Narcissist entrepreneurs, with your inflated ego, strut about and believe they do everything right. You believe you’re never wrong and that only contributes to the grandiose sense of self you have. Because of this, you believe your competence will be enough to run the business and take risks you believe have a 0% chance of failure.
You may be more prone to craving affirmation than confidence that doesn’t need that constant approval. A deep-rooted insecurity also drives narcissism, causing them to exploit others rather than inspire them, like confidence does.
A narcissist will never question themselves because they believe they’re never wrong—other people are. If you find yourself thinking this way, believing that someone else is always at fault when something was clearly your error, you may be a narcissist.
Even in terms of dealing with experts, you believe you know more than these veterans in their field. You find the audacity to interject, refuse to listen, and instead just wait for your turn to speak instead of absorbing the information being given to you. Narcissists are impossible to debate with as you’re cemented in your beliefs.
You may believe you have the know-how to teach others because of your bloated sense of self and ideas that you’re the most knowledgeable in your business, but that doesn’t necessarily make you a good mentor. Your goal is not to impart knowledge, but to create someone just like you because you think you’re always right, and therefore this person should be like you.
Instead of teaching, you impose a certain pattern of behaviour that you follow and that they should, too. You can’t empathise with them and so you just urge them to do things the way you do them.
A narcissist can easily turn to manipulation, operating with less integrity, and more distrust in the long term. This will definitely negatively affect a business as the team will become unhappy, efficiency will drop, and staff turnover will quicken. You may also let go of people who challenge you, underscoring your need to be the most brilliant part of the business.
There are some exceptions to these rules like Steve Jobs, who was notorious for having narcissistic tendencies. He was often called ruthless in his work and didn’t always empathise with the people around him. But he turned it around and found a little bit of humility, proving it’s possible to change.
But others have brought their companies down because of their narcissistic tendencies. Take Marissa Mayers, for example, the former CEO of Yahoo. Because of her inflated sense of self and dismissiveness, she was inconsiderate with her team and lacked empathy, which impacted the company.
If you recognise your narcissism, you can now turn to your business and how it’s being affected. It may be a difficult process to overcome your tendencies, but once you can pinpoint them, you’ll be able to take action. Maybe your business is suffering in terms of team burnout or a lack of feedback you want to accept, you need to see this in order to change it.
As a business coach, I would advise you to turn to personal development, to look towards yourself and acknowledge your faults and weaknesses as a narcissist. Being a good leader is more important than being a narcissistic boss.
Consulting your team about your faults can also be a great way to gain insight into your behaviour and it opens up dialogue between you and your employees. Doing this is humbling as it shows you are open to admitting fault. Reassure them that it wasn’t all just in their heads and that you played a big role in making them think it was their fault.

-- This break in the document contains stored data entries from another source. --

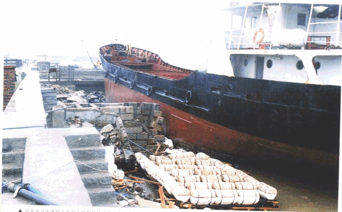
▲ 停靠在马寮湾码头外的千吨货轮被风浪冲上岸边，船体受损。
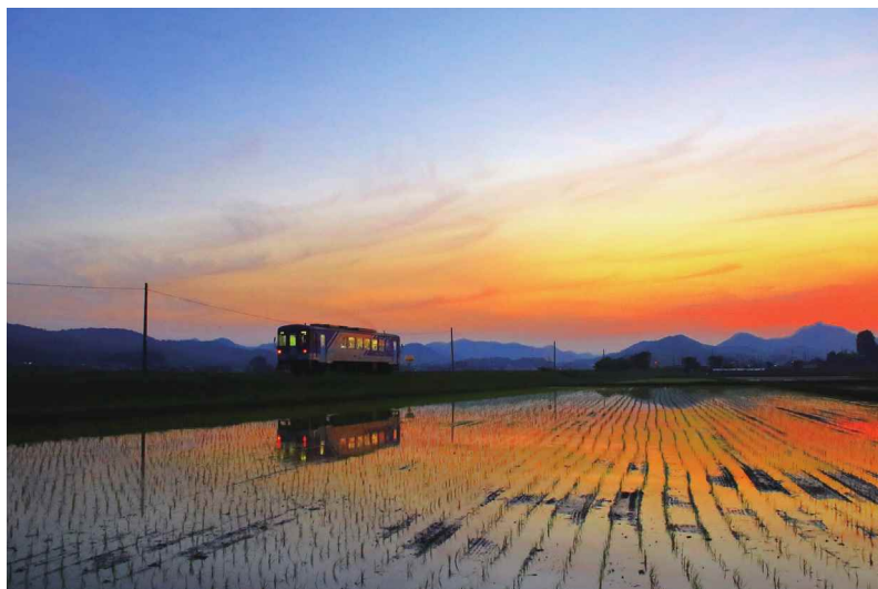
撮影場所：加西市 北条鉄道網引駅付近

夏にはひまわり、秋にはコスモスが咲きほこります。お花畑の中を通る道にバスが。まるで花の波をかきわけながら進むよう。
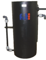
■ Vorschaltgeräte für Öl-Wasser-Trennsysteme
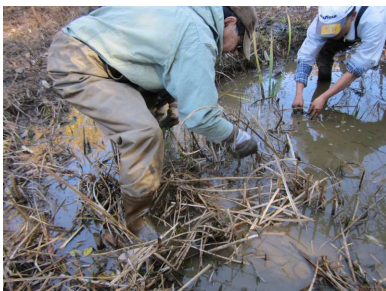
トンボ池のオオフサモ駆除
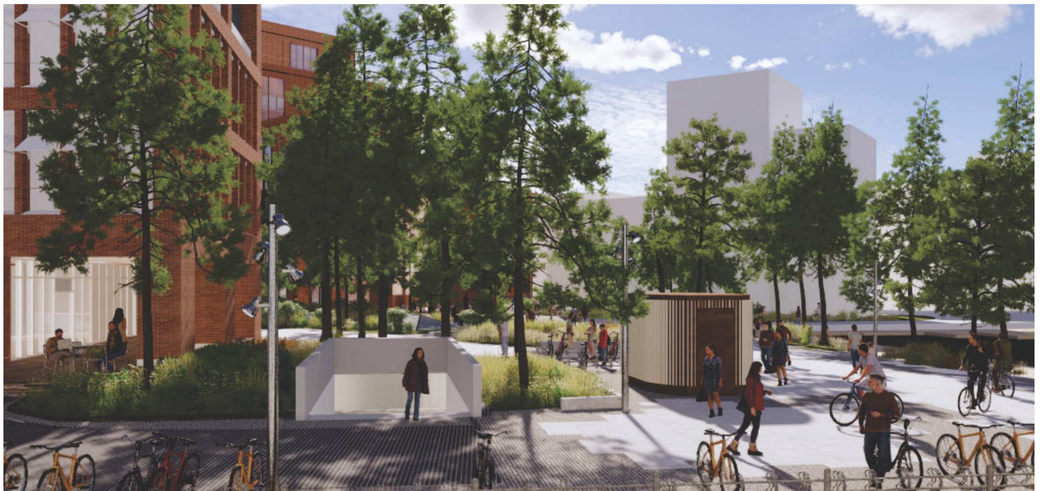
Arbejdernes Landsbank's visualisering af toilettet ved bitrappen:
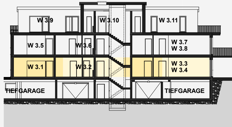
ÜBERSICHTSPLAN SCHNITT "GEBÄUDE 3"
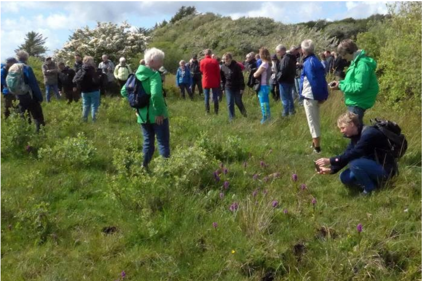
Orkideerne studeres og fotografes
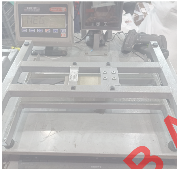
Vista General del equipo.
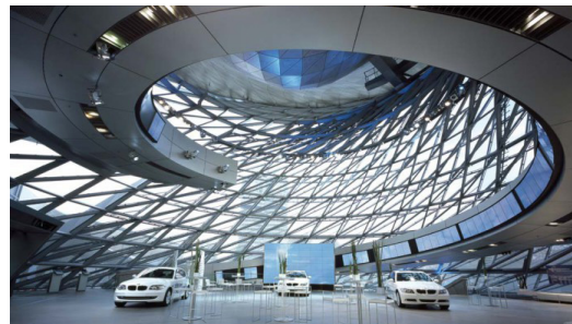
BMW WELT / MÜNCHEN Belüftung und Entrauchung von vier Abschnitten über eine Lüftungszentrale
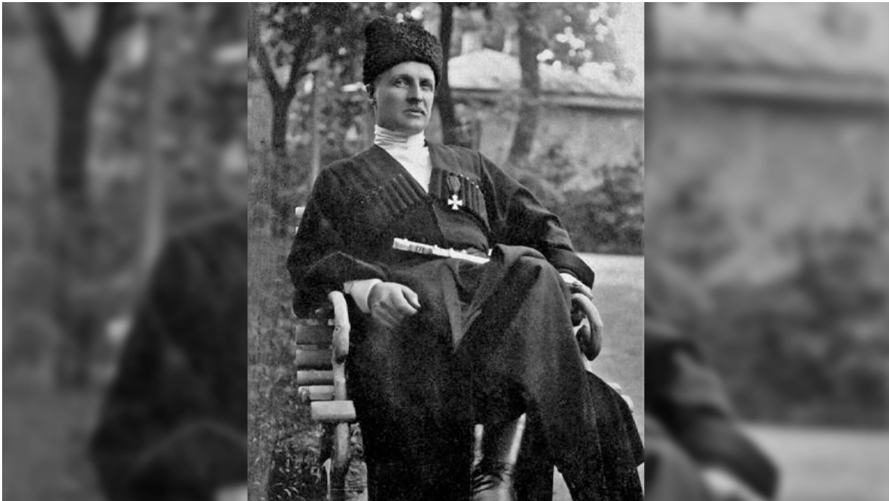
Pavel Skoropadsky
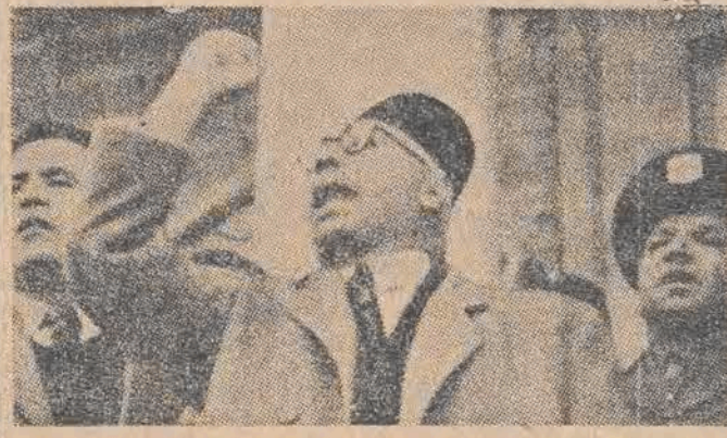
„Przyjaźń 70 milionów Arabów jest ważniejsza dla Stanów Zjednoczonych, niż los kilkuset tysięcy Żydów“, to też nie bez „szczerzej wiedzy“ amerykańskich kół wojskowo-politycznych „burzą się“ Arabowie przeciw podziałowi Palestyny...
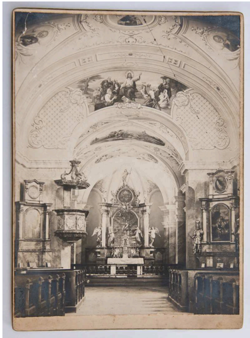
9. Fotó: A körmendi katolikus templom belseje

Méret: 12x16,5 cm. A kartonra ragasztott fénykép 1920 körül készülhetett, emiatt rendkívül fontos forrás a körmendi Szent Erzsébet plébániatemplom korábbi festéséről. 1938-ban ugyanis a templom belső falfestéseit átfestették, ez a fotó pedig az eredeti freskókat dokumentálja. DBSLM Ht.2014.3.9
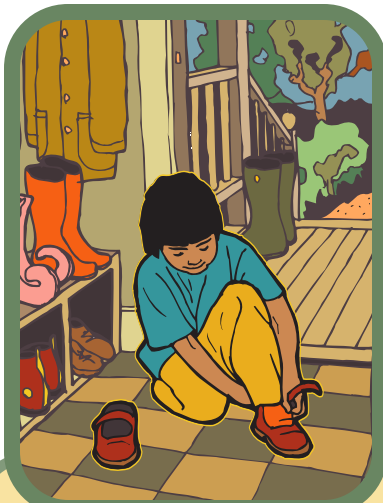
ចូរដោះស្បែកជើងចេញ កុំនាំដីចូលទៅក្នុងផ្ទះ ។
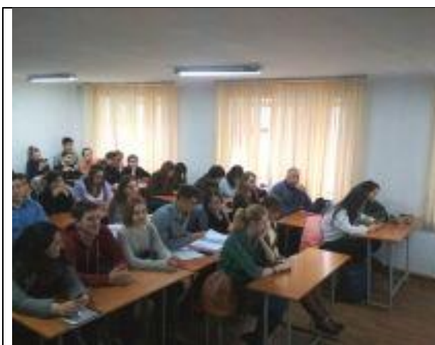
IV научная конференция «Актуальные проблемы философии и политологии»
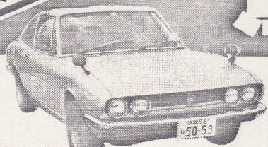
88年 117クーペ1800XC シルバー、A-C付、AT 検55年2月
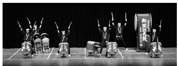
(御諏訪太鼓保存会・長野)
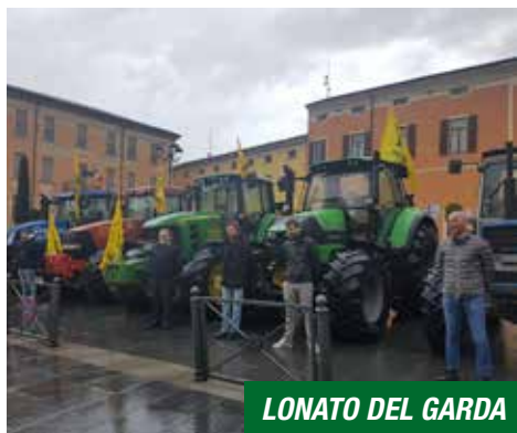
LONATO DEL GARDA
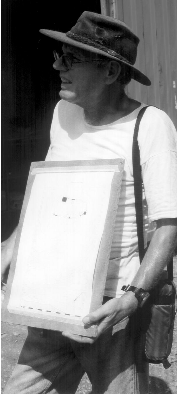
Abb.: Auf einem Tell gibt es keinen Schatten...
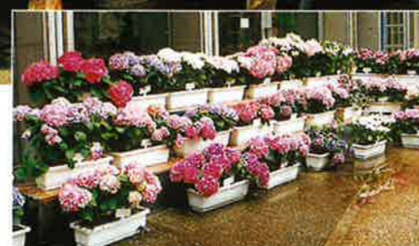
植物企画展「アジサイ展」(5月)
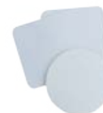
CM26-SUBMDFRNDCC09 Posa vasos redondo y cuadrado de PVC de 9x9 cm.
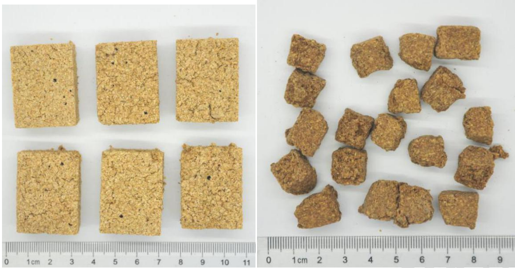
图 1 六神曲（左）与焦六神曲（右）饮片图

Lastly, seeking psychological help is nothing to be ashamed of. Unlearning tendencies that you’ve grown with all your life can be taxing to do on your own. So enlisting the help of a professional can make all the difference.
Narcissists can be prevalent in business and you may be one yourself. But confronting yourself with these questions and understanding the signs that might indicate narcissism you can overcome it and become a better leader. It’s not impossible—and it’s vital for long-term success.